DNA methylation and nucleosome positioning are two key mechanisms that contribute to the epigenetic control of gene expression. During carcinogenesis, the expression of many genes is altered alongside extensive changes in the epigenome, with repressed genes often being associated with local DNA hypermethylation and gain of nucleosomes at their promoters. However the spectrum of alterations that occur at distal regulatory regions has not been extensively studied. To address this we used Nucleosome Occupancy and Methylation sequencing (NOMe-seq) to compare the genome-wide DNA methylation and nucleosome occupancy profiles between normal and cancer cell line models of the breast and prostate. Here we describe the bioinformatic pipeline and methods that we developed for the processing and analysis of the NOMe-seq data published by (Taberlay et al., 2014 [1]) and deposited in the Gene Expression Omnibus with accession GSE57498.

Entities:  

Keywords:  Epigenetics; Methylation; NOMe-seq; Nucleosome positioning

Year:  2014        PMID: 26484155      PMCID: PMC4535833          DOI: 10.1016/j.gdata.2014.11.012

Source DB:  PubMed          Journal:  Genom Data        ISSN: 2213-5960


Direct link to deposited data

Raw data: http://www.ncbi.nlm.nih.gov/geo/query/acc.cgi?acc=GSE57498. Processed data: https://zenodo.org/record/12454. Scripts and manual for analysis: https://github.com/astatham/NOMe-seq-analysis.

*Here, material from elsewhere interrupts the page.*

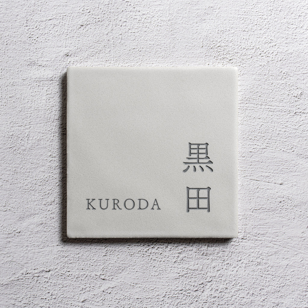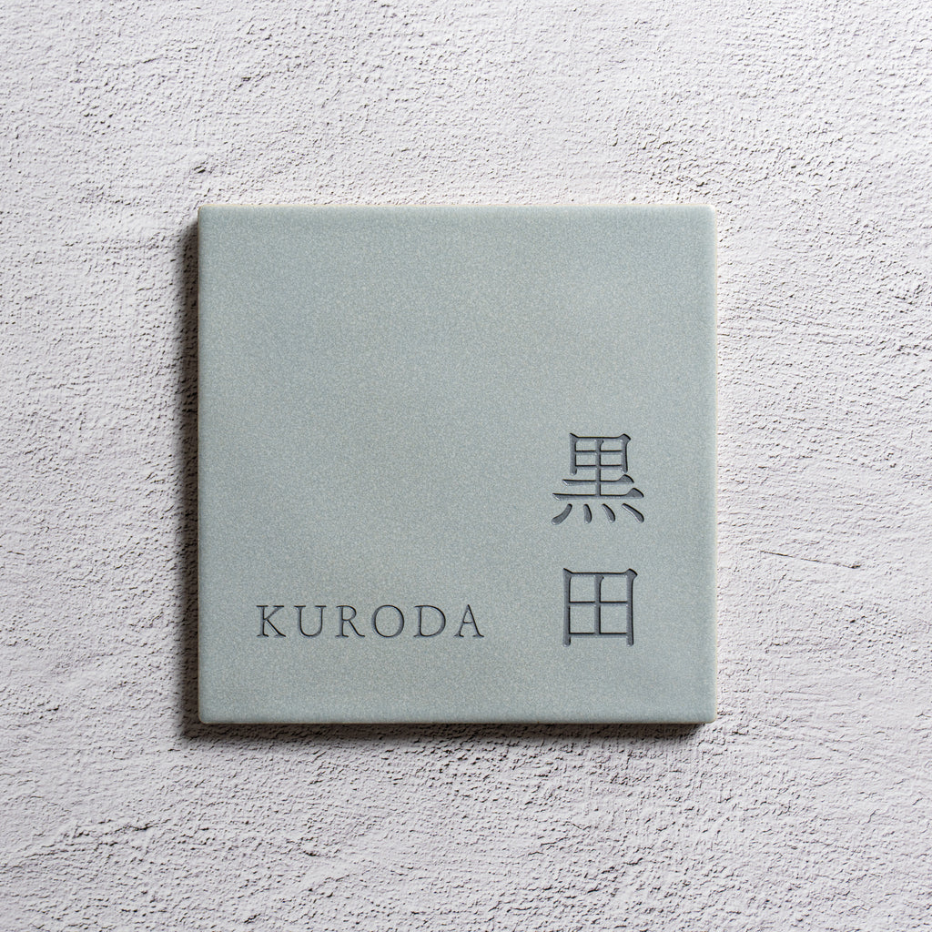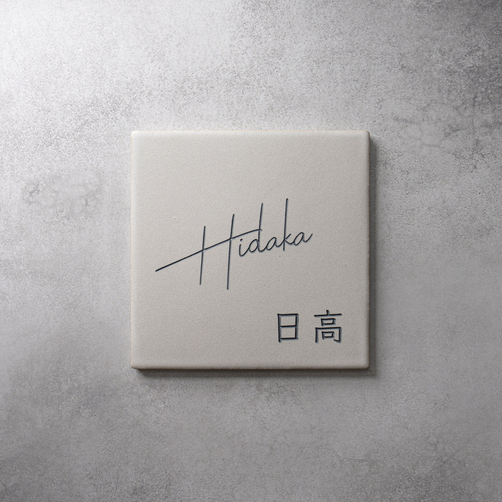 商品名:Fikaチャコール 材質:磁器タイル サイズ:W147mm×H147mm×T8mm 当店の大人気商品であるFikaシリーズ 英字のみ筆記体での依頼で製作をさせていただきました。 流行りのくすみカラーはどんな場所にも違和感なく溶け込んでくれるのでお勧めです! 漢字の部分を番地に変...

Experimental design, materials and methods

The NOMe-seq assay

The Nucleosome Occupancy and Methylation sequencing (NOMe-seq) technique is an extension of whole genome bisulfite sequencing (WGBS) enabling the simultaneous interrogation of nucleosome positioning and DNA methylation on the same strand of DNA [2]. This is achieved through the treatment of isolated cell nuclei with the M.CviPI GpC methyltransferase, which adds a GpC methylation “footprint” to accessible regions of the genome. In contrast, endogenous mammalian cytosine methylation occurs almost exclusively in CpG sites. Therefore, accessibility dependent, M.CviPI added GpC methylation is separable bioinformatically from endogenous methylation after WGBS by whether the methylcytosines occur within a CpG or GpC sequence context. Cytosines in GpCpG sites are removed from the analysis as they are both a CpG and GpC context, and therefore a mixture of endogenous methylation and accessibility. Additionally M.CviPI spuriously methylates CpCpG sites at a low efficiency, so these sites are also discarded. This leaves the human genome (hg19) with approximately 123 million GCH sites available for nucleosome occupancy analysis and 20.4 million WCG sites available for endogenous methylation analysis.

Cell culture

Normal human prostate epithelial cells (PrEC), a prostate cancer cell line (PC3), and a breast cancer cell line (MCF7) were obtained from the American Type Culture Collection (ATCC). Normal human mammary epithelial cells (HMEC) were obtained from Invitrogen. All cell lines were cultured under recommended conditions at 37 °C and 5% CO2.

Nucleosome occupancy and methylation sequencing (NOMe-seq)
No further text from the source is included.